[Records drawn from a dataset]
******

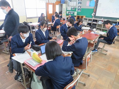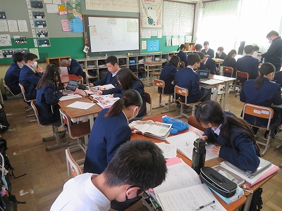 本時は、これまで学んだ内容が理解できているか、主に知識技能の観点の問題に挑戦し、確認をしました。
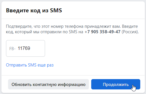 Код нужно будет ввести в соответствующее окошко, которое высвечивается на странице регистрации в Фейсбуке.
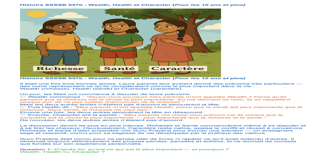 | Sunday June 22 | 458 SuFamCla | Story 047b, Wealth, Health and Character | Support from the online present Gurus. |
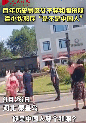 據人民視頻9月27日報道,26日在河北秦皇島一百年曆史景區內,有男遊客上前怒斥兩位身穿和服的女性遊客:“你是中國人穿個和服?”
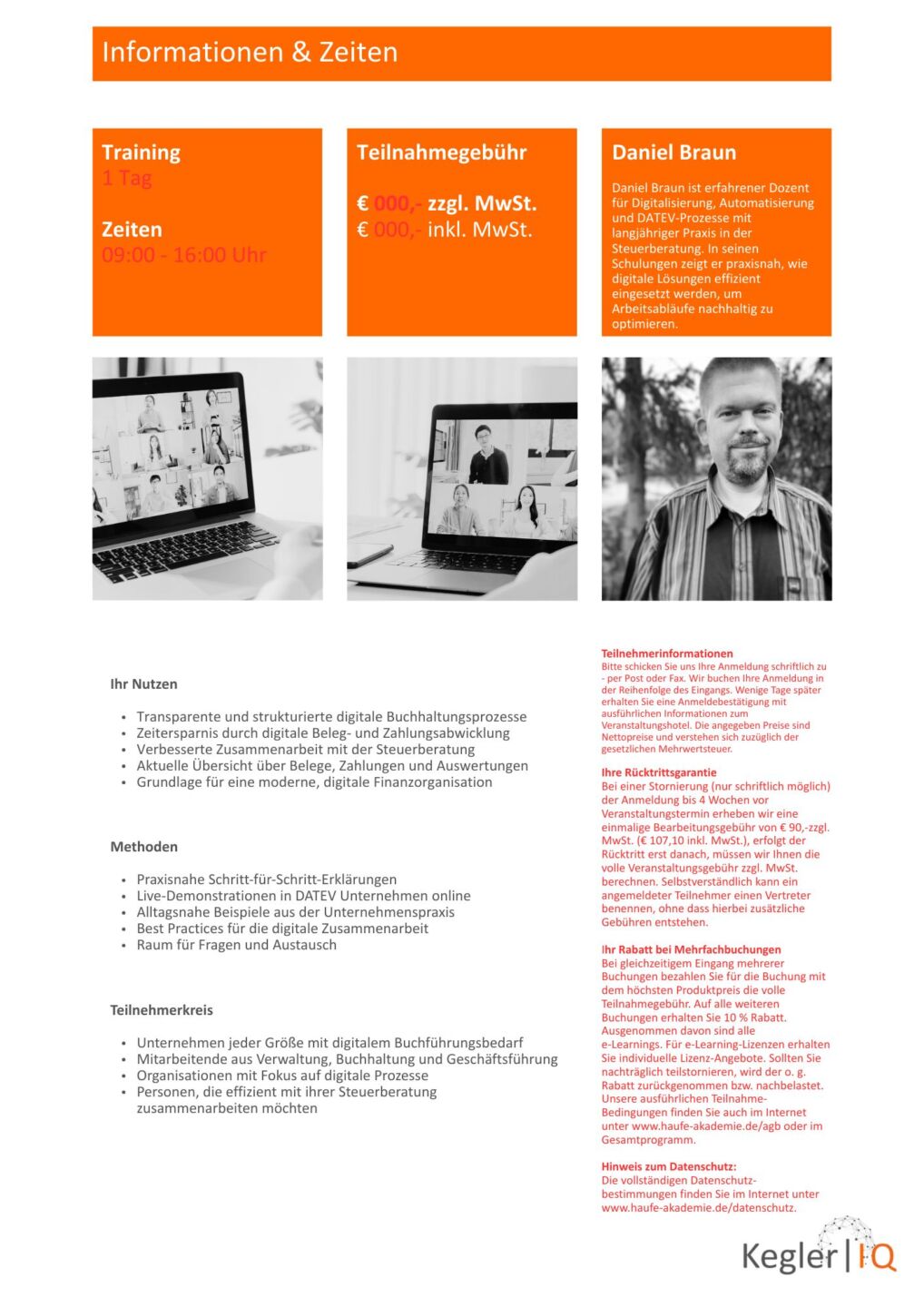 Teilnehmergebühr: € 300,- zzgl. MwSt.

******

## Problem to solve
Repeat each line of the records exactly, dropping the pictures.

## Exercise response
 本時は、これまで学んだ内容が理解できているか、主に知識技能の観点の問題に挑戦し、確認をしました。
 Код нужно будет ввести в соответствующее окошко, которое высвечивается на странице регистрации в Фейсбуке.
 | Sunday June 22 | 458 SuFamCla | Story 047b, Wealth, Health and Character | Support from the online present Gurus. |
 據人民視頻9月27日報道,26日在河北秦皇島一百年曆史景區內,有男遊客上前怒斥兩位身穿和服的女性遊客:“你是中國人穿個和服?”
 Teilnehmergebühr: € 300,- zzgl. MwSt.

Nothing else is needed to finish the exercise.